• [Exercise details]: Leave the images out and repeat the data exactly as given.

• [Stored dataset items]:
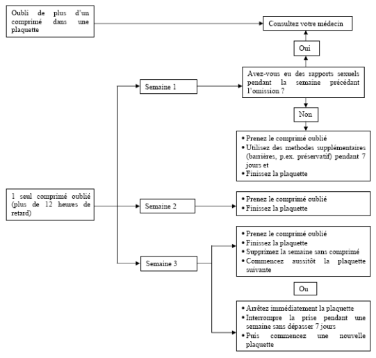 Il sera recommandé aux femmes de prendre le dernier comprimé oublié dès que cet oubli est constaté, même si deux comprimés doivent être pris en même temps.
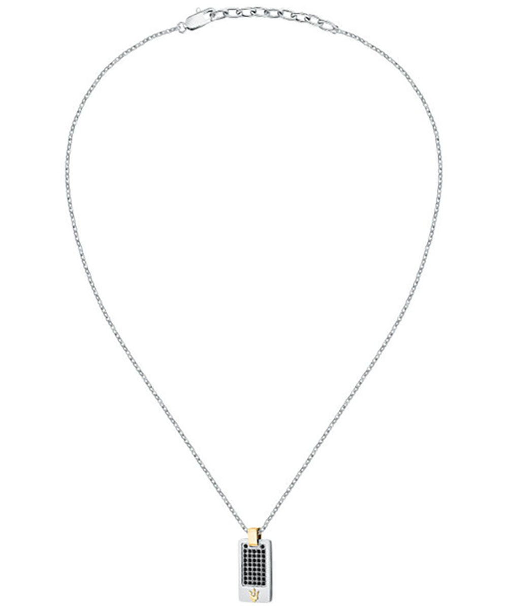 Ανδρικό κολιέ Maserati από ανοξείδωτο ατσάλι με μαύρες πέτρες Ζιργκόν.
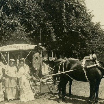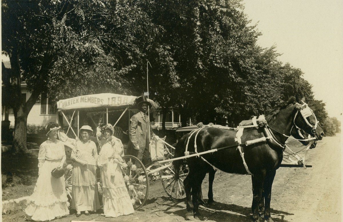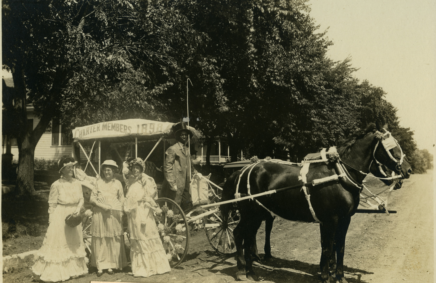Three Alma women, Marion Ross Palenske, Mrs. W. G. Weaver, and Mrs. Jerry Fields, charter members of the Royal Neighbors of American organization, pose with their driver, Leslie Gardenhire and a parade carriage in this view dated August 11, 1928.
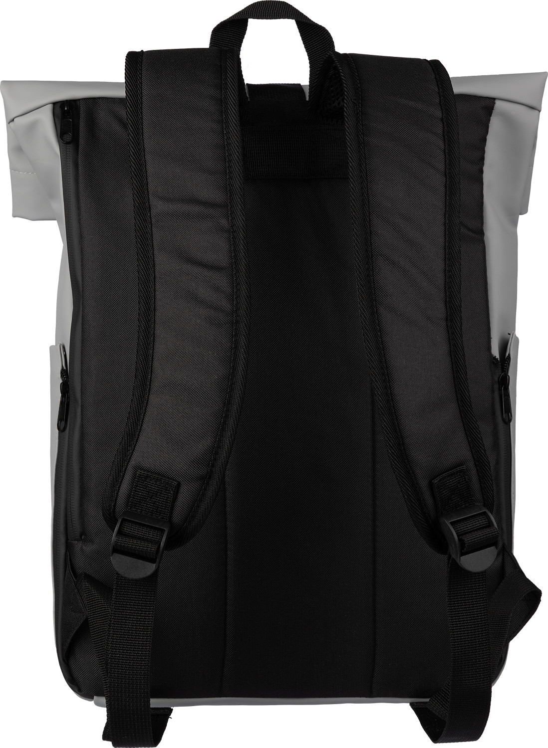 Rucksack aus PU-Leder mit PU-Futter (210D) und PE-Schaumstoffunterlage (5 mm). Enthält ein Laptopfach (15 Zoll) und eine Reißverschlusstasche auf der Vorderseite.
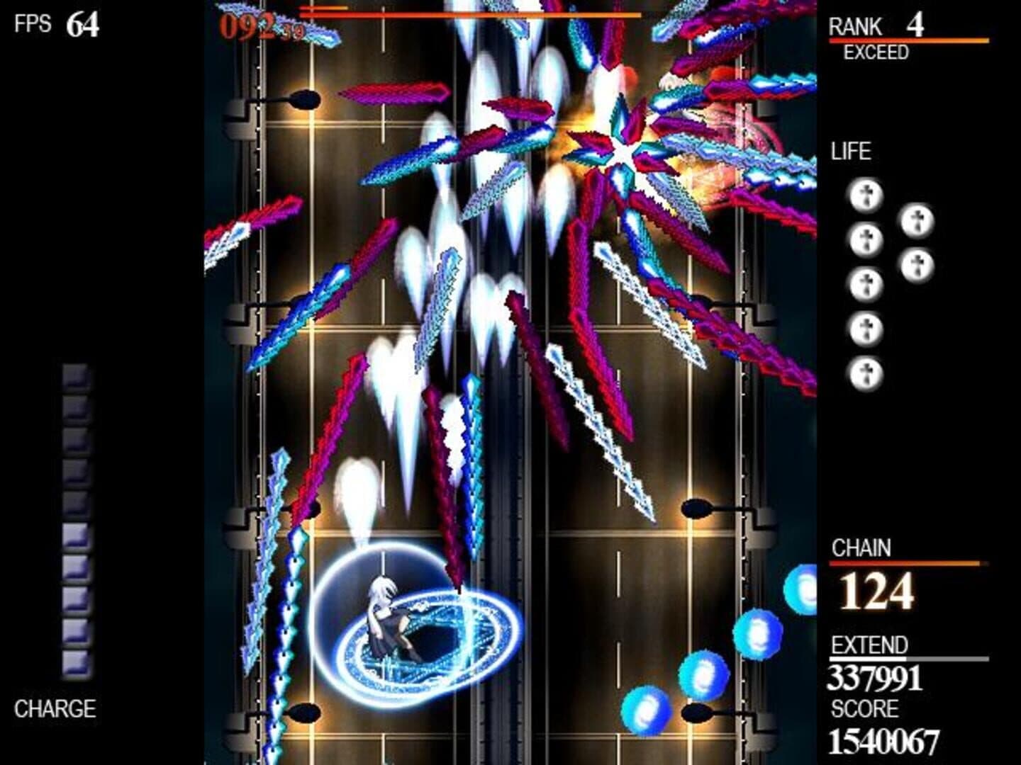 The human powers-that-be called for the purification of mankind and the eradication of vampires and ‘deviants bloodlines’ – those born of a mix of human and vampire. And so began massive purges of the deviants that were reminiscent of the “witch hunts” of centuries earlier. Leading the genocide was the exorcist corps the “Gun Bullet Children”. As the overwhelmingly large human armies began to obliterate every vampire and deviant community across the world, the opposing deviant armies sought to gather allies and rally back. Lia Fyle is a half-human, half-vampire girl fighting on the side of the deviants as they embark upon a turnaround strategy, the “Siege on the Holy Land’. Their plan: to lay siege upon the humans’ “Holy Land” and to destroy the Holy Lady Anhel who was the source of the human military power. This is a battle in which defeat is an option for neither army. Featuring an addictive dual-polarity gameplay system, this amazing vertical shmup is sure to please any shooter fan. The polarity and color of your character can be changed to absorb enemy bullets of the same polarity while charging the special weapon in the process and doing double damage to enemies of the opposite polarity. Every bullet absorbed charges your special weapon for total destruction. With awesome music, beautiful art, and challenging stages, this is the game that put the eXceed series on the map and has everything you would want from a shmup.

• [Result of the exercise]:
 Il sera recommandé aux femmes de prendre le dernier comprimé oublié dès que cet oubli est constaté, même si deux comprimés doivent être pris en même temps.
 Ανδρικό κολιέ Maserati από ανοξείδωτο ατσάλι με μαύρες πέτρες Ζιργκόν.
Three Alma women, Marion Ross Palenske, Mrs. W. G. Weaver, and Mrs. Jerry Fields, charter members of the Royal Neighbors of American organization, pose with their driver, Leslie Gardenhire and a parade carriage in this view dated August 11, 1928.
 Rucksack aus PU-Leder mit PU-Futter (210D) und PE-Schaumstoffunterlage (5 mm). Enthält ein Laptopfach (15 Zoll) und eine Reißverschlusstasche auf der Vorderseite.
 The human powers-that-be called for the purification of mankind and the eradication of vampires and ‘deviants bloodlines’ – those born of a mix of human and vampire. And so began massive purges of the deviants that were reminiscent of the “witch hunts” of centuries earlier. Leading the genocide was the exorcist corps the “Gun Bullet Children”. As the overwhelmingly large human armies began to obliterate every vampire and deviant community across the world, the opposing deviant armies sought to gather allies and rally back. Lia Fyle is a half-human, half-vampire girl fighting on the side of the deviants as they embark upon a turnaround strategy, the “Siege on the Holy Land’. Their plan: to lay siege upon the humans’ “Holy Land” and to destroy the Holy Lady Anhel who was the source of the human military power. This is a battle in which defeat is an option for neither army. Featuring an addictive dual-polarity gameplay system, this amazing vertical shmup is sure to please any shooter fan. The polarity and color of your character can be changed to absorb enemy bullets of the same polarity while charging the special weapon in the process and doing double damage to enemies of the opposite polarity. Every bullet absorbed charges your special weapon for total destruction. With awesome music, beautiful art, and challenging stages, this is the game that put the eXceed series on the map and has everything you would want from a shmup.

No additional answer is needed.